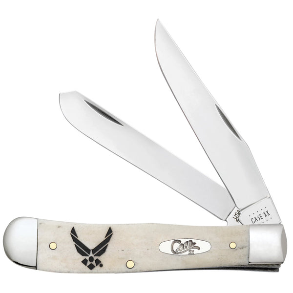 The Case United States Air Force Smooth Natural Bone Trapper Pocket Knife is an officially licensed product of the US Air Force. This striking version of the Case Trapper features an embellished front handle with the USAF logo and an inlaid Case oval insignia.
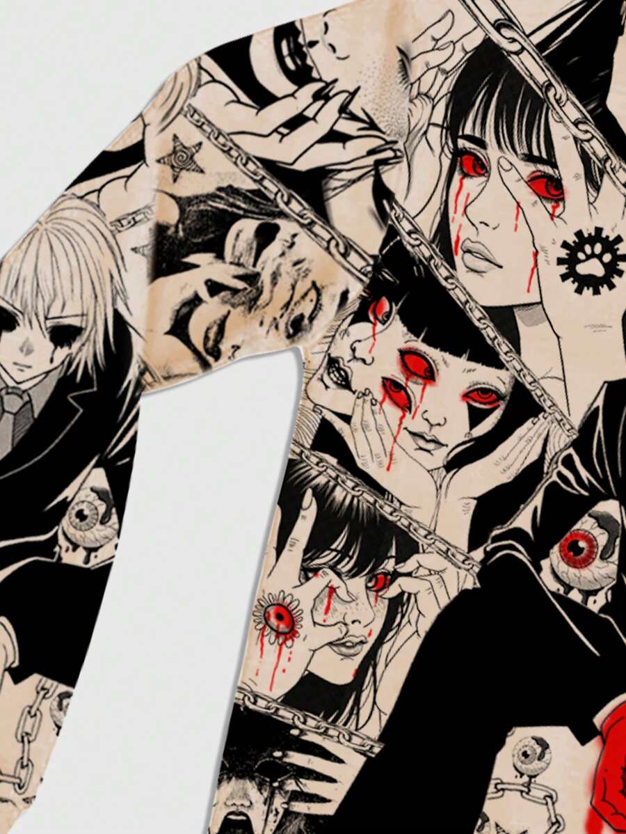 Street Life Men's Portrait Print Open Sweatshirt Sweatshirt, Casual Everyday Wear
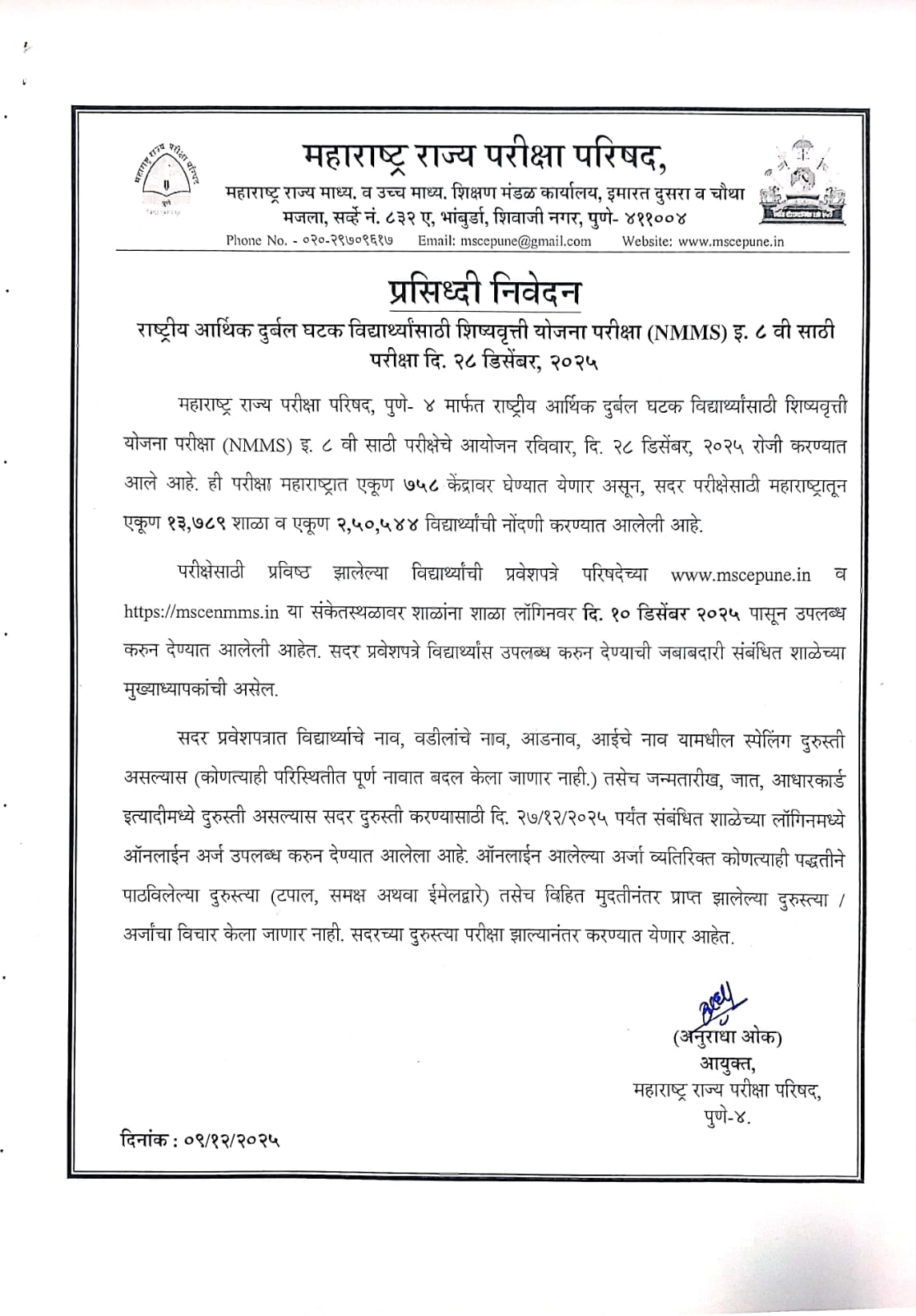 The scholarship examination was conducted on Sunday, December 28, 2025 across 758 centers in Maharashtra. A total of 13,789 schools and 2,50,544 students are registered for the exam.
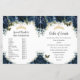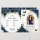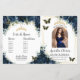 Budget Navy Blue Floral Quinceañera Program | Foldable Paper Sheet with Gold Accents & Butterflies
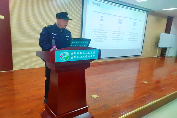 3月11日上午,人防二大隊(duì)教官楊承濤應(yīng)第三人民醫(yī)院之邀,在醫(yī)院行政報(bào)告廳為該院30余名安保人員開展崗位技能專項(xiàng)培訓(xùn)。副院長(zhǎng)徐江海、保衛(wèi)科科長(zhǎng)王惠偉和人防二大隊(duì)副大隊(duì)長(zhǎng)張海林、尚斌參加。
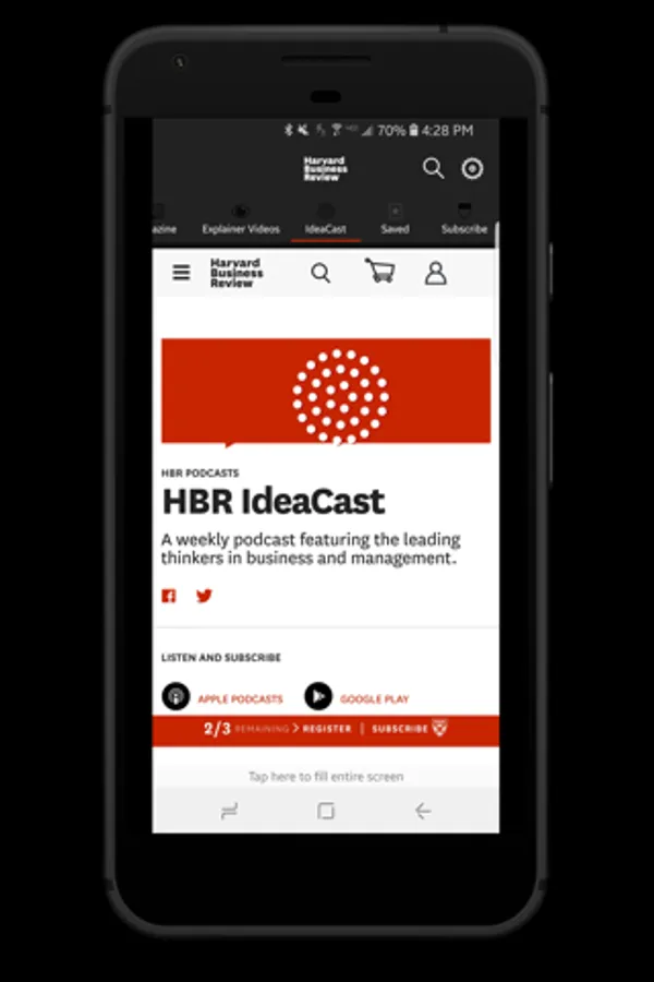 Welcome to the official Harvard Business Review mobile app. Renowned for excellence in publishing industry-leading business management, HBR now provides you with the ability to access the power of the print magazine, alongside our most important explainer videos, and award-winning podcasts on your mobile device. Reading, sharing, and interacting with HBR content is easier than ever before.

+ + + + + + +

[The problem] Only the lines from the start of the records to the one containing "Street Life Men's" should be repeated, exactly and with both ends kept; drop any pictures.

[Answer to this problem]
 The Case United States Air Force Smooth Natural Bone Trapper Pocket Knife is an officially licensed product of the US Air Force. This striking version of the Case Trapper features an embellished front handle with the USAF logo and an inlaid Case oval insignia.
 Street Life Men's Portrait Print Open Sweatshirt Sweatshirt, Casual Everyday Wear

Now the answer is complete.